Эмма - Остин Джейн
Шрифт:
Интервал:
Закладка:
– Да, моя милая, как было бы тяжело, если бы бедняжке Изабелле пришлось остановиться не в Хартфилде, а где-нибудь еще.
Мистер Вудхаус никогда не считался с братскими правами мистера Найтли или с чьими-нибудь правами на Изабеллу, кроме своих собственных. Некоторое время он сидел, погруженный в раздумья.

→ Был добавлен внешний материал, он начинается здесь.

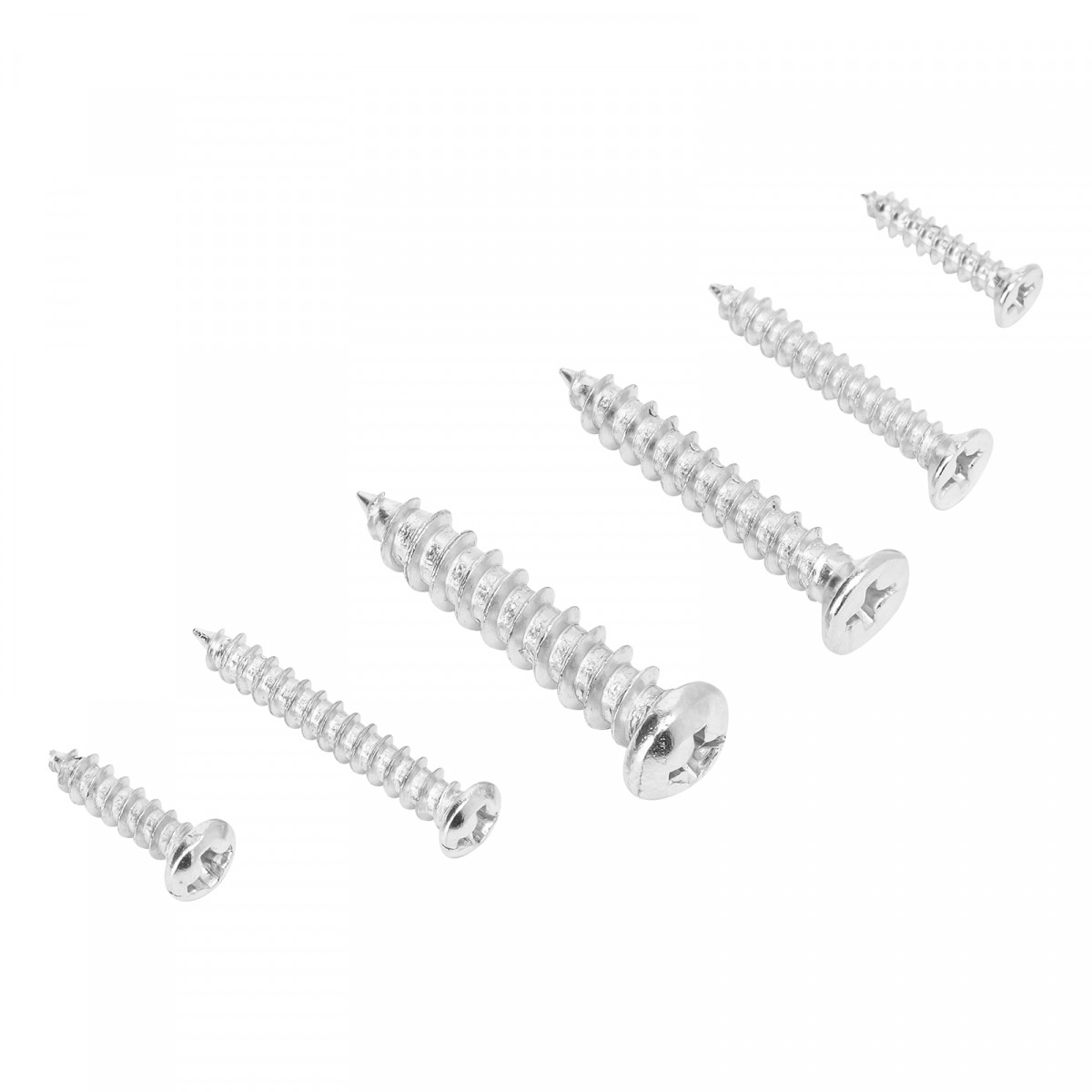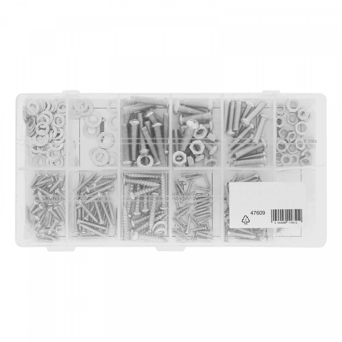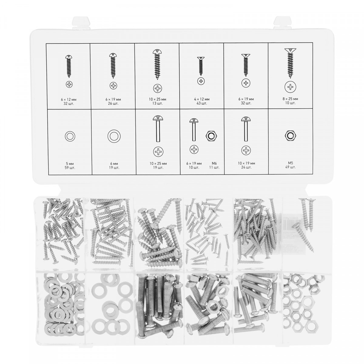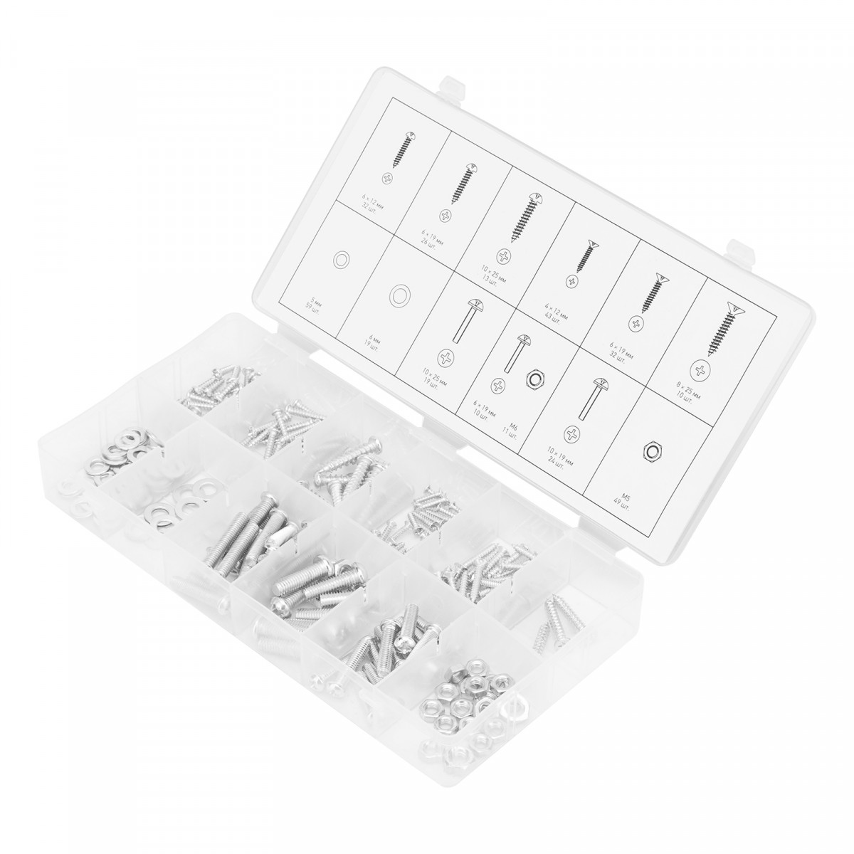 Пластиковый кейс - 1 штСаморезы по дереву: 4х12 мм - 43 шт6х19 мм - 32 шт8х25 мм - 10 штСаморезы по металлу: 6х12 мм - 32 шт6х19 мм - 26 шт10х25 мм - 13 штВинты: 6х19 мм - 10 шт10х19 мм - 24 шт10х25 мм - 19 штШайбы: 5 мм - 59 шт6

– Но я не понимаю, зачем бедняжке Изабелле возвращаться так скоро? – воскликнул он наконец. – Ведь вернуться нужно ему, а не ей! Знаешь, Эмма, думаю, мне удастся уговорить Изабеллу побыть у нас подольше. Она с детьми может остаться и погостить в свое удовольствие.
– Ах, папенька! Вы так и не привыкли к замужеству Изабеллы и, боюсь, никогда не привыкнете. Изабелла не может остаться, если ее муж уезжает.

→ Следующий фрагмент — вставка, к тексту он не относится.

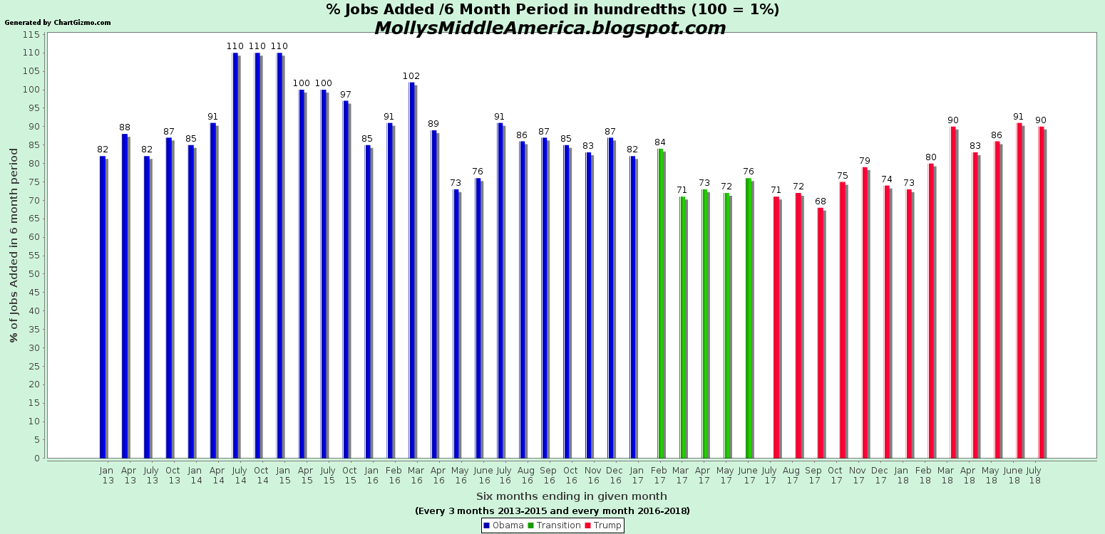 On the following chart each bar represents the % increase in jobs over a 6 month period ending in the designated month. Blue bars represent six month periods during the Obama Presidency; green bars represent six month periods overlapping Obama and Trump Presidencies; red bars represent six month periods during the Trump Presidency.
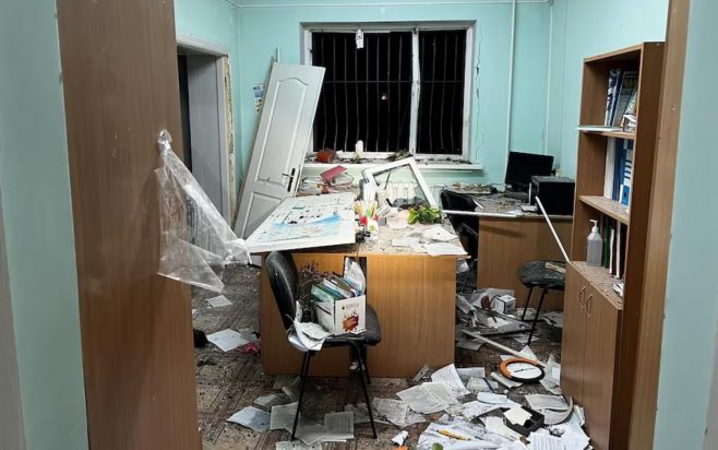 Οι υπηρεσίες έκτακτης ανάγκης, σε ανάρτηση στην εφαρμογή μηνυμάτων Telegram, προέβαλαν εικόνες με μπάζα μέσα και έξω από παιδιατρική κλινική στον τομέα Ντνιπρόφσκι του Κιέβου, στην ανατολική όχθη του ποταμού Δνείπερου.
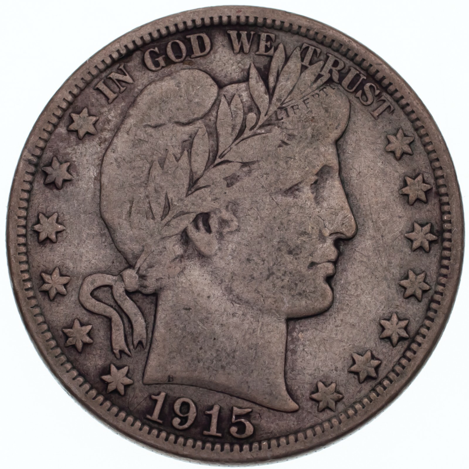1915-D 50c Barber demi-dollar en fin, couleur naturelle, pleine liberte
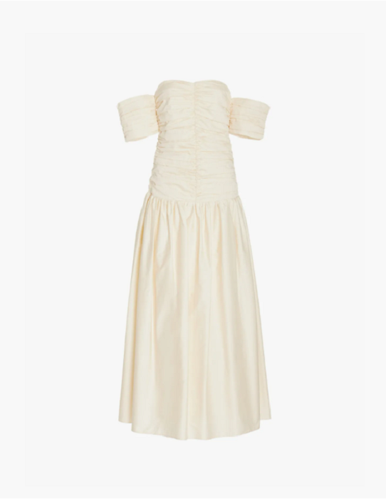Không phải tất cả các dịp và bữa tiệc đều sẽ là màu đen. Làm sáng vẻ ngoài khi đi chơi đêm của bạn với phong cách trễ vai xếp nếp này của Moré Noire, trớ trêu thay lại có màu trắng.
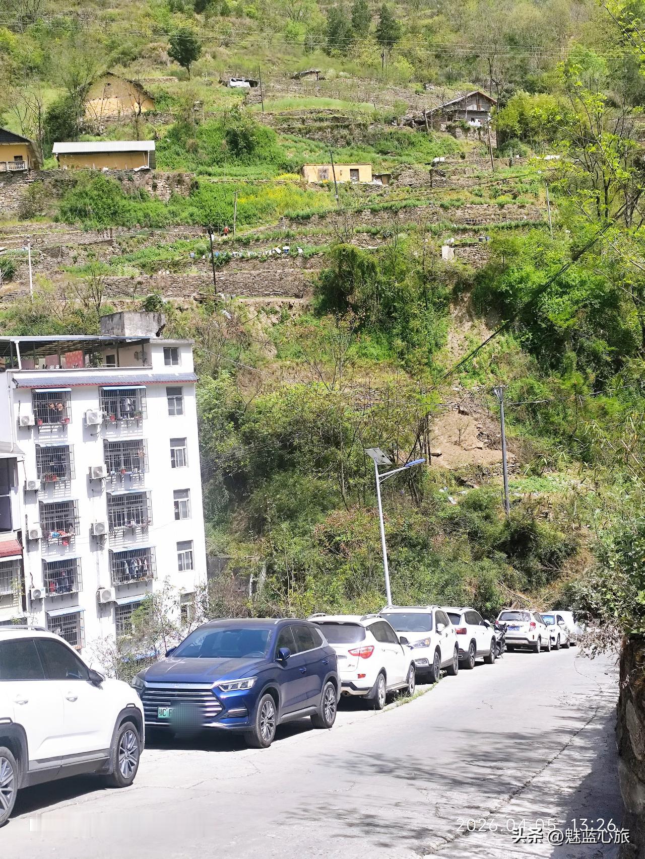 在下山的路上,让我惊叹的还有,稳稳的,因地制宜停在陡峭斜坡上的车辆。因为白河县城,无一处百亩平地,所以也是当地人顺应自然的生活见证。
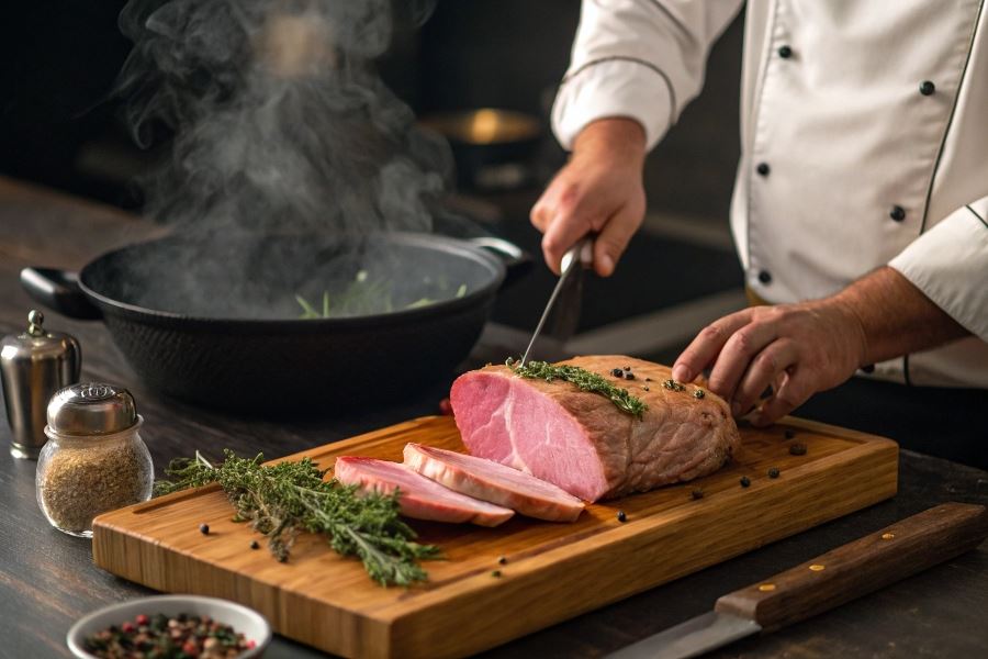Wskazówka eksperta: Wybieraj gammon z warstwą tłuszczu o grubości minimum 0,5 cm. Podczas obróbki termicznej tłuszcz topi się, nadając mięsu soczystość i głębię smaku, której nie uzyskasz w wersji całkowicie odtłuszczonej.
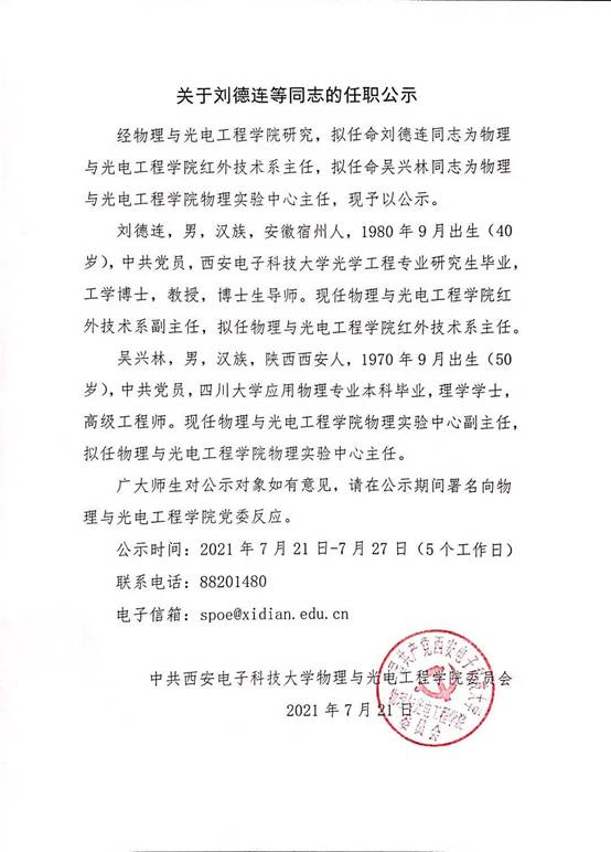 关于刘德连等同志的任职公示

Признавая справедливость ее слов, мистер Вудхаус не спорил. Как бы это ни было неприятно, ему оставалось лишь покорно вздыхать; Эмма поняла, что батюшка сейчас опечален раздумьями о необходимости для его старшей дочери повсюду следовать за мужем, и поспешила направить его мысли в другую сторону, пытаясь поднять ему настроение.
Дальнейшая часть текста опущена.